* **INPUT MATERIAL**
::::::::::

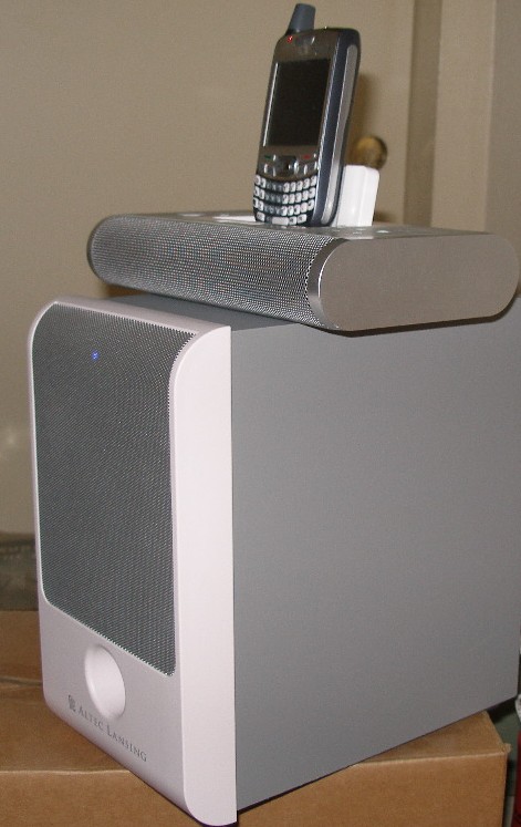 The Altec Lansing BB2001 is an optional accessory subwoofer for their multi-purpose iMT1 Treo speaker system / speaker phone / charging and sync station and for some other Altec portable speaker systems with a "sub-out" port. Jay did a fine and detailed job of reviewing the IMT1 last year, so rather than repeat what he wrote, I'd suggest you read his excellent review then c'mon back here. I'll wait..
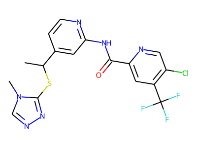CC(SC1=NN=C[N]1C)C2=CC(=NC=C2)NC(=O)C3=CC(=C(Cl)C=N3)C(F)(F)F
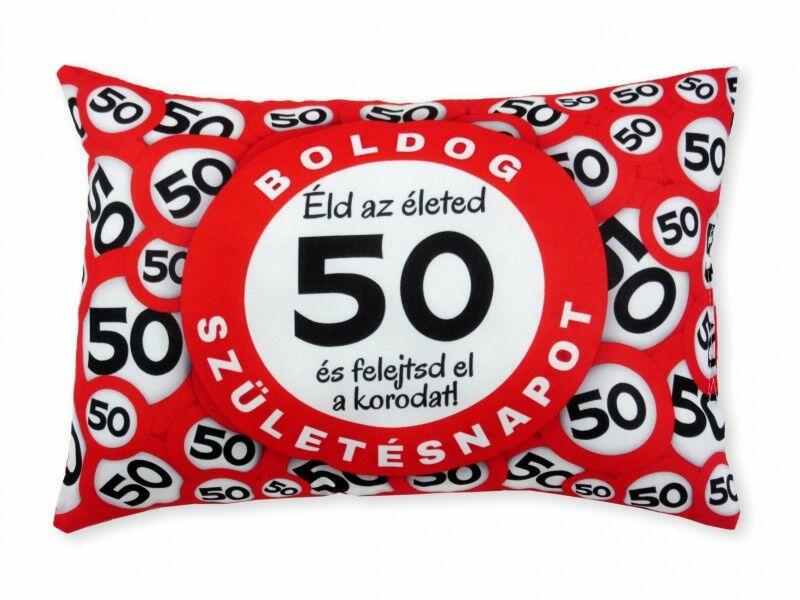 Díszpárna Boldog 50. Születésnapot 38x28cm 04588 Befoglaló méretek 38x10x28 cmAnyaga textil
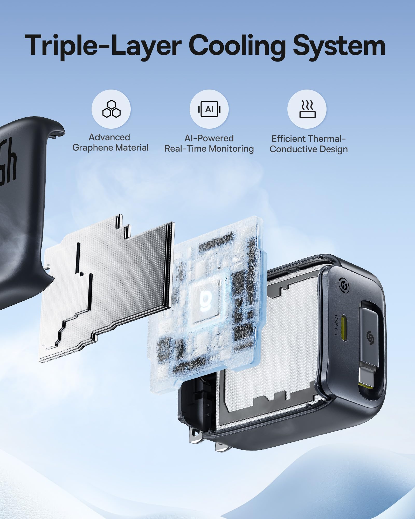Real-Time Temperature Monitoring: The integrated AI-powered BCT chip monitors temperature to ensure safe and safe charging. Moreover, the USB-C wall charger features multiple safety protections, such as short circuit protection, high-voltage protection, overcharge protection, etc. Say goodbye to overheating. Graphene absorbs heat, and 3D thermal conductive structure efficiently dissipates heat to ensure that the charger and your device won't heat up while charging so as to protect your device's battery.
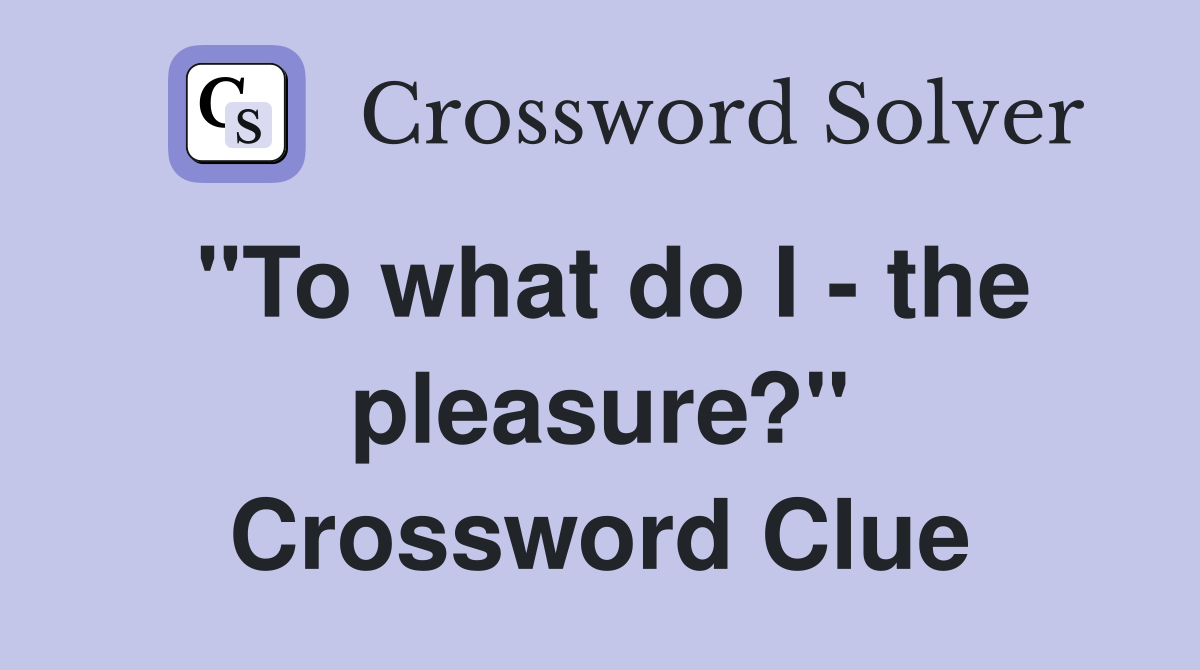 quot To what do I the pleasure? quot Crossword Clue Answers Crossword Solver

::::::::::

* **TASK DESCRIPTION**
Would you please restate the records word for word, excluding any images?

* **EXERCISE RESPONSE**
 The Altec Lansing BB2001 is an optional accessory subwoofer for their multi-purpose iMT1 Treo speaker system / speaker phone / charging and sync station and for some other Altec portable speaker systems with a "sub-out" port. Jay did a fine and detailed job of reviewing the IMT1 last year, so rather than repeat what he wrote, I'd suggest you read his excellent review then c'mon back here. I'll wait..
CC(SC1=NN=C[N]1C)C2=CC(=NC=C2)NC(=O)C3=CC(=C(Cl)C=N3)C(F)(F)F
 Díszpárna Boldog 50. Születésnapot 38x28cm 04588 Befoglaló méretek 38x10x28 cmAnyaga textil
Real-Time Temperature Monitoring: The integrated AI-powered BCT chip monitors temperature to ensure safe and safe charging. Moreover, the USB-C wall charger features multiple safety protections, such as short circuit protection, high-voltage protection, overcharge protection, etc. Say goodbye to overheating. Graphene absorbs heat, and 3D thermal conductive structure efficiently dissipates heat to ensure that the charger and your device won't heat up while charging so as to protect your device's battery.
 quot To what do I the pleasure? quot Crossword Clue Answers Crossword Solver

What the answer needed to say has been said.